Self-government will become self-destructive for aboriginals if
something isn't done to improve accountability and protect human
rights on reserves, a coalition said Tuesday.

On behalf of aboriginals in five provinces, the First Nation
Accountability Coalition of Manitoba told a Senate committee that
First Nations are woefully unprepared to take their affairs into
their own hands.

''It's a mess, a big mess, for self-government to try to be
implemented now,'' president Leona Freed told a news conference later.

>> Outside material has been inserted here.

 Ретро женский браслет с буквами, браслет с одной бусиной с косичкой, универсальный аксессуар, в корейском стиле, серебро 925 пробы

''Self-government is a noose for our people.'''

The coalition is at odds with aboriginal leaders.  But Freed says her
grassroots movement, which began with women in Manitoba and now has
sister coalitions in other provinces, is gaining support from
thousands across the country.

Freed and others painted a disturbing picture of problems they say
plague most reserves in Manitoba, British Columbia, Alberta,
Saskatchewan, New Brunswick and Ontario.

Mismanagement, fraud and embezzlement of band funds are rampant,
Freed said.  Children are going hungry while chiefs and their
families ride in limousines and rack up travel costs.  There are
campaigns of terror against aboriginals who oppose those in charge.

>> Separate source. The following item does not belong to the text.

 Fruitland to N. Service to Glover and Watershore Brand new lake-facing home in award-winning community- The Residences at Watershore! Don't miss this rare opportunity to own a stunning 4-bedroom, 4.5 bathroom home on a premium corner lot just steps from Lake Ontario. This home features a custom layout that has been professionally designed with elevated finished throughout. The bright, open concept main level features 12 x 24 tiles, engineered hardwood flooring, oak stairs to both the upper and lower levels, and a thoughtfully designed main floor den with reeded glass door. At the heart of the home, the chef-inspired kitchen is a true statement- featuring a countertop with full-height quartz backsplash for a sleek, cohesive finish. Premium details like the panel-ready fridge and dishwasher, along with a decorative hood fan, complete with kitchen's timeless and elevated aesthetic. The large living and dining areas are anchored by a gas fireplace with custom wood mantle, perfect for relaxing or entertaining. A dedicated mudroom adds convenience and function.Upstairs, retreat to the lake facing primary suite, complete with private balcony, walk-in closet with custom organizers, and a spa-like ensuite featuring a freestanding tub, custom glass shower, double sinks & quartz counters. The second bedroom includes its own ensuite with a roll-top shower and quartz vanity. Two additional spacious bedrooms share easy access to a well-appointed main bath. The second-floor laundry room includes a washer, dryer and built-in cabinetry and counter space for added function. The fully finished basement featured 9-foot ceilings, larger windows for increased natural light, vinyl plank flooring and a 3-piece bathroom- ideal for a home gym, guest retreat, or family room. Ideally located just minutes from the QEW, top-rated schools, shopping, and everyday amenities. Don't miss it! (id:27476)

Freed said she can't even enter the band office on her own reserve,
Manitoba's Dakota Plains.

The Indian Affairs Department is complicit in allowing financial
mismanagement, especially because it won't deal with anyone but the
chiefs  and councils - many of whom aren't properly elected, she
noted - and refuses to investigate irregularities.

''The Department of Indian Affairs condones the criminal activities
of chief and council in Canada's First Nations.  There's absolutely
no  punishment for these kinds of people.

''We have self-appointed chiefs, silent chiefs, illiterate chiefs,
bought-and-paid for chiefs, band custom chiefs, hereditary custom
chiefs  and above all, chiefs and families make all the rules with no
sensitivity for band members' needs.''

Indian Affairs Minister Jane Stewart said working with ''duly elected
chiefs and council'' is responsible and so is moving toward
self-government ''only when communities feel the capacity and the
capability is there.''

She refused to ''paint all First Nations with the same brush'' and
said not all the answers lie at the federal level.

''The old approach that the answers lie in Ottawa, that the minister
of Indian affairs should come in and fix all the problems is
antiquated, it's in the past,'' she said outside the House.

''We have to work positively together to build a human capacity for
open transparent governments.''

Phil Fontaine, the national chief of the Assembly of First Nations,
said corruption on reserves should be reported to the RCMP and
disputed Freed's  assertion that aboriginal peoples aren't ready for
self government.

''We've been ready to govern ourselves for as long as we've been
here,'' he said in an interview.

''That suggestion that we're not ready for self government plays into
the hands of people that wish to continue to discriminate against

Freed suggested that an independent ombudsman be appointed to each
reserve to ensure federal funds are properly spent.

Reform MP Myron Thompson said he'd introduce a private member's bill
today in the House on installing ombudsmen in aboriginal communities.

The Assembly of Manitoba Chiefs did not return calls.